(Input for this task begins)
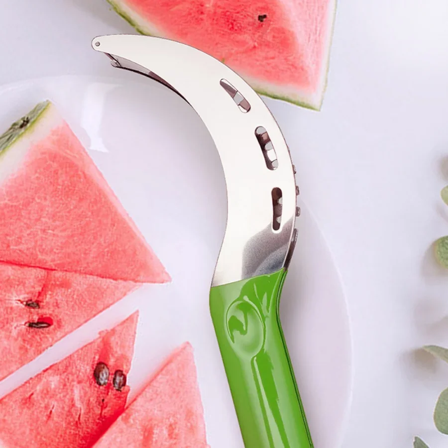 Watermelon Slicer Cutter Stainless Steel Color Non-slip Plastic Wrap Handle Not Hurt Hands Cantaloupe Kitchen Fruit Cutting Tool
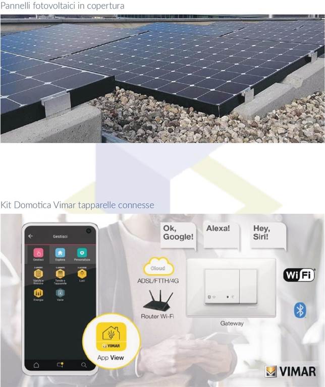 Inoltre, impianto domotica di base per comandare le tapparelle motorizzate, predisposizione antifurto con telecamere, VMC installata in ogni vano con specifico impianto sul serramento, portone sezionale box coibentato e motorizzato, videocitofono, etc.
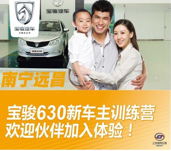 尊敬的寶駿車主:感謝您選用寶駿630!我們將于2011年11月26日上午10點(diǎn)30分,在南寧遠(yuǎn)昌寶駿4S店舉行“車主訓(xùn)練營”活動(dòng),屆時(shí)將有針對新購車主的專業(yè)汽車駕駛/維護(hù)/保養(yǎng)知識講座,及有趣的汽車競技游戲,幫助您更好用車,享受有車生活。我們誠邀您的光臨!凡到店參與寶駿630新車主訓(xùn)練營的車主,均可獲得價(jià)值200元/車的電話卡關(guān)懷禮品!并將參與三年六萬公里免費(fèi)保養(yǎng)抽獎(jiǎng)活動(dòng),更有千元驚喜大禮等著您!
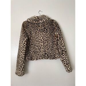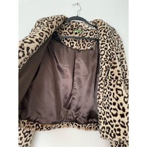 Super plush yet slim fitted faux fur leopard print chubby coat with rolled shawl collar, extra long sleeves and hidden hook closures. A perfect topper for really any look this winter season! No labels, great quality, circa 1980s/90s.
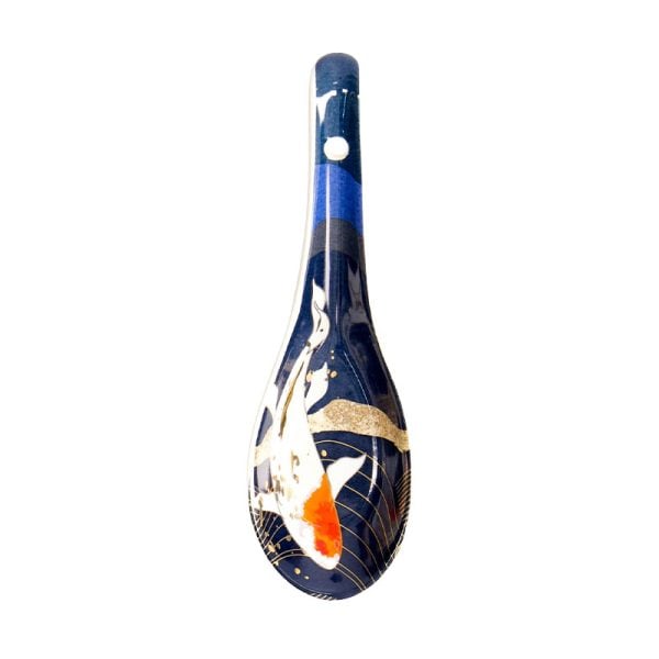 En jättevacker ramensked dekorerad med koifisk som simmar. Kontrasten av färgen ger verkligen en lyxig känsla. Perfekt till hemmagjord ramen samt udon, och så klart snabbnudlarna. Mäter 13.8cm.
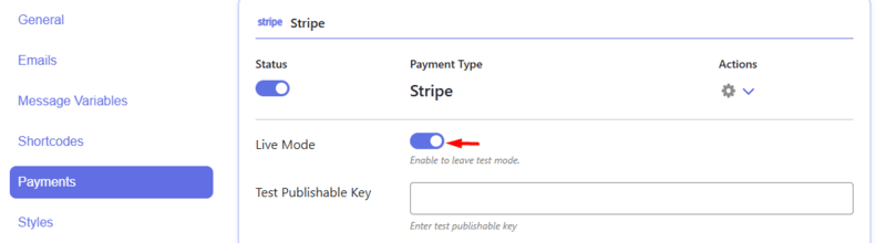 If you want to turn off the Test payment mode and go ahead with the Live mode, then tick the Live Mode toggle.
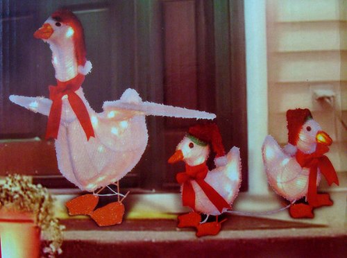 Features:Pre-lit with 50 clear lights Bulb size: miniSpacing between each Goose: 16 inches (approx)4.9 foot white lead cordContains 1 plug with end connector, allowing you to stack multiple lighted decorations together (not to exceed 210 watts) 3-Piece Lighted Goose Family SetItem #53-245-066Dimensions:Large: 28"H X 25"W X 20"D (wing tip to wing tip)Small: 10"H X 5"W X 10"D (wing tip to wing tip)Material(s): fabric/tinsel/glass bulbs/wire Additional product features:Geese are all connected on one strand, they can not be separatedSome minor assembly required Lawn stakes includedUL listed for indoor/outdoor use120 volts, 60 hertz, 0.17 amps, 20.
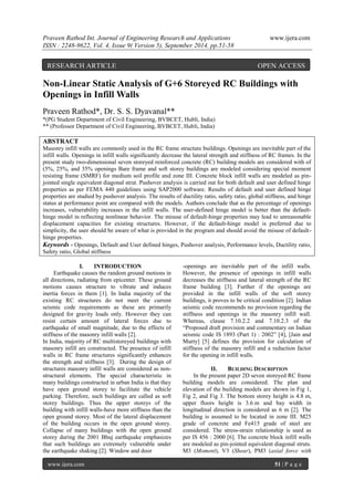 The study analyzes the impact of openings in masonry infill walls on the lateral strength and stiffness of seven-storey reinforced concrete buildings. Using pushover analysis, the findings reveal that increasing the percentage of openings leads to higher vulnerability in the infill walls, and user-defined hinge models perform better than default models in reflecting nonlinear behavior. Recommendations are made regarding the use of hinge properties to avoid unreasonable displacement capacities in existing structures.
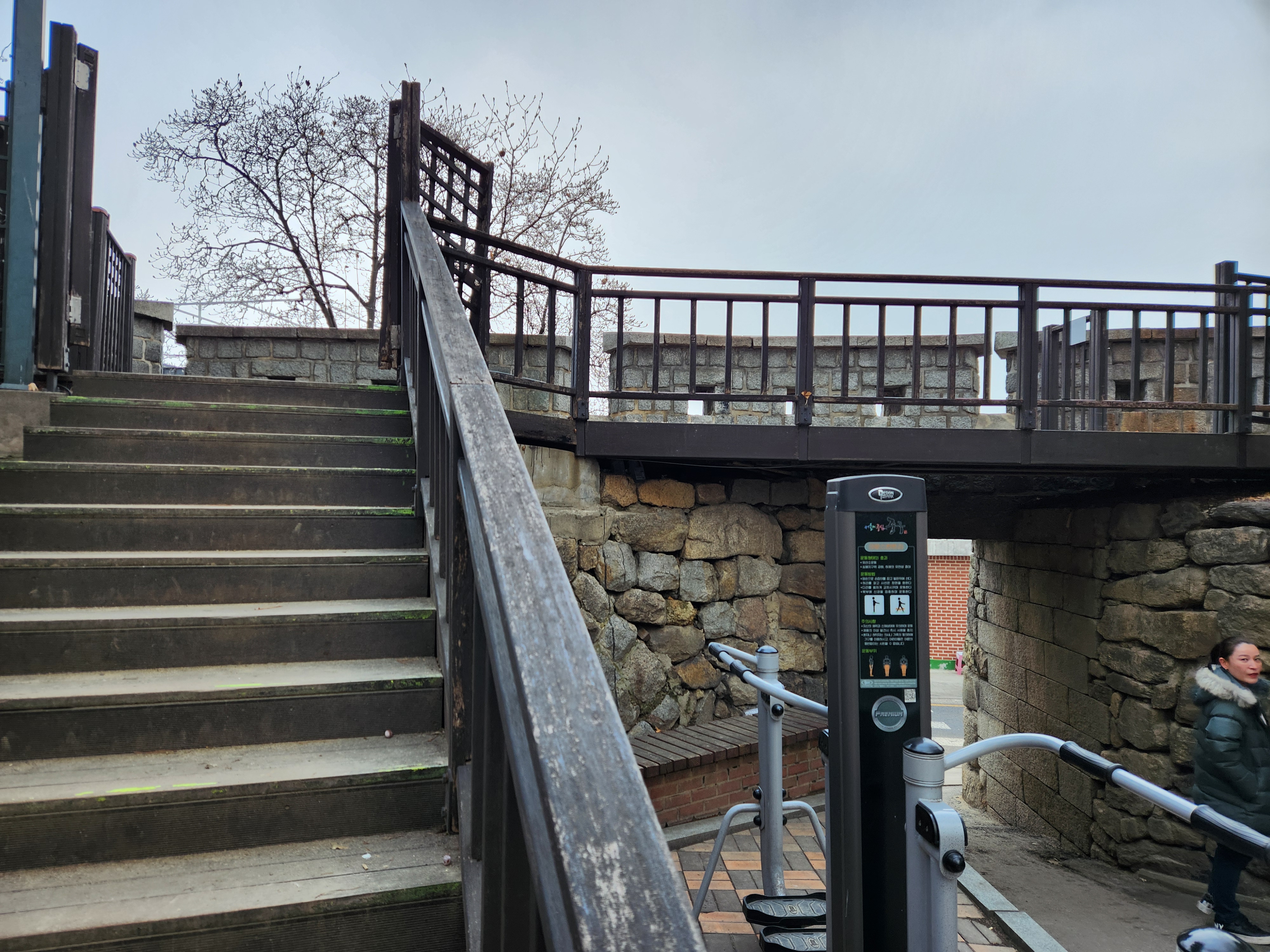 그리고 바로 위쪽에 주연배우들이 집 앞에서 대화를 나누는 신에서 자주 보였던 성곽 암문이 나오며, 암문을 통과하면 운동기구와 성곽 상단과 연결된 계단으로 성곽 윗길을 걸을 수 있게 됩니다.
(Input for this task ends)
• _What to produce_: Pictures are to be left out; otherwise, retype exactly the lines from the first line of the data through the line containing "If you want".

• _Result of the task_:
 Watermelon Slicer Cutter Stainless Steel Color Non-slip Plastic Wrap Handle Not Hurt Hands Cantaloupe Kitchen Fruit Cutting Tool
 Inoltre, impianto domotica di base per comandare le tapparelle motorizzate, predisposizione antifurto con telecamere, VMC installata in ogni vano con specifico impianto sul serramento, portone sezionale box coibentato e motorizzato, videocitofono, etc.
 尊敬的寶駿車主:感謝您選用寶駿630!我們將于2011年11月26日上午10點(diǎn)30分,在南寧遠(yuǎn)昌寶駿4S店舉行“車主訓(xùn)練營”活動(dòng),屆時(shí)將有針對新購車主的專業(yè)汽車駕駛/維護(hù)/保養(yǎng)知識講座,及有趣的汽車競技游戲,幫助您更好用車,享受有車生活。我們誠邀您的光臨!凡到店參與寶駿630新車主訓(xùn)練營的車主,均可獲得價(jià)值200元/車的電話卡關(guān)懷禮品!并將參與三年六萬公里免費(fèi)保養(yǎng)抽獎(jiǎng)活動(dòng),更有千元驚喜大禮等著您!
 Super plush yet slim fitted faux fur leopard print chubby coat with rolled shawl collar, extra long sleeves and hidden hook closures. A perfect topper for really any look this winter season! No labels, great quality, circa 1980s/90s.
 En jättevacker ramensked dekorerad med koifisk som simmar. Kontrasten av färgen ger verkligen en lyxig känsla. Perfekt till hemmagjord ramen samt udon, och så klart snabbnudlarna. Mäter 13.8cm.
 If you want to turn off the Test payment mode and go ahead with the Live mode, then tick the Live Mode toggle.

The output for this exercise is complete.